Black Student Union
Demands for Change
Founded in 1968, the Black Student Union (BSU) was the first student organization formed by and for Black students at the University of Georgia. Described by some early members as an “oasis”, the group created a social outlet for Black students and served as their mouthpiece for voicing collective concerns to university administrators.
BSU’s first major public action was a protest of segregated restroom facilities for staff working in the Bulldog Room, an area within the campus student center. On January 18, 1968, nine members of the BSU formed a barrier around the Bulldog Room’s cashier counter and refused to grant anyone entry until the signs designating segregated facilities were removed. This stand-in protest erupted into a physical fight between the small group of Black students and the rest of the room. After this event, the BSU began to hold monthly meetings with President Davison to discuss the needs of Black students on campus and how the administration could meet those needs.
On February 26, 1969, the group sent a list of demands to university president Fred Davison. Among other items, the group called for increased hiring of Black faculty and staff; increased recruitment and retention of Black students; and the creation of an Afro-American and African Studies Department.
Administrative Responses
On March 8, 1969 UGA president Fred Davison issued a written response to the BSU demands. Although he addressed each listed demand, many readers felt Davison was dismissive of the group’s concerns. Meanwhile, others found the requests unrealistic, and urged Davison and other administrators not to concede to any of the demands. The administration moved quickly to create an Afro-American Studies Program and hired Ben Colbert, UGA’s first black admissions counselor, to assist with the recruitment of Black students. Other demands went unanswered, and led to subsequent public action by BSU in the years that followed.

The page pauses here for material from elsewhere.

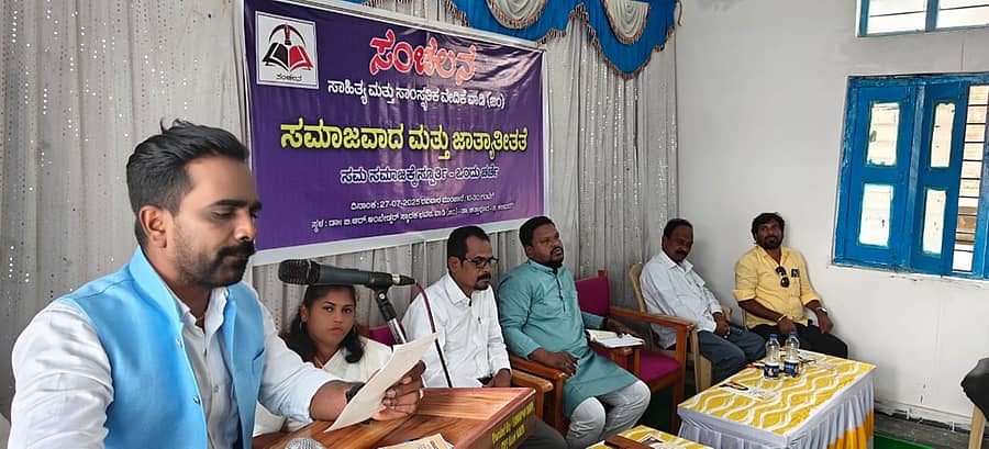 ಪಟ್ಟಣದ ಡಾ.ಬಿ.ಆರ್ ಅಂಬೇಡ್ಕರ್ ಸ್ಮಾರಕ ಭವನದಲ್ಲಿ ಭಾನುವಾರ ಸಂಚಲನ ಸಾಹಿತ್ಯ ಮತ್ತು ಸಾಂಸ್ಕೃತಿಕ ವೇದಿಕೆ ವತಿಯಿಂದ ಆಯೋಜಿಸಿದ್ದ ಸಮಾಜವಾದ ಮತ್ತು ಜಾತ್ಯಾತೀತತೆ ಕುರಿತ ಸಂವಾದ ಕಾರ್ಯಕ್ರಮದಲ್ಲಿ ಅವರು ಮಾತನಾಡಿದರು.

Black Faculty and Staff Organization
Just as Black students were fighting for space and recognition on campus, so too were the growing number of Black faculty and staff members. What began with the hosting of informal group lunches in 1980, had formalized into the Black Faculty and Staff Organization (BFSO) by January 1982. By the late 1980s, the group had begun hosting the annual program, “Forum on the Status of Blacks at UGA” and had begun publishing the Black Faculty and Staff Newsletter.
BSU Today
BSU continued to take on new challenges and evolve as an organization into the 1990s. After a hiatus, in June of 2020 students formed a new Black Student Union at UGA as an umbrella organization to connect Black campus groups with one another.
BALSA Protest
BSU was not the only student group asking for change. In 1974, the Black American Law Students Association (BALSA) published a letter on the discrimination Black law students faced at UGA. The letter proposed solutions such as the hiring of more Black professors, celebration of Black legal achievements in the curriculum, and distributing scholarship funding to Black students in proportion to what their white peers received. When the School of Law ignored BALSA’s polite “lawyer-like conduct”, they turned to another lawyerly method of change, and filed suit.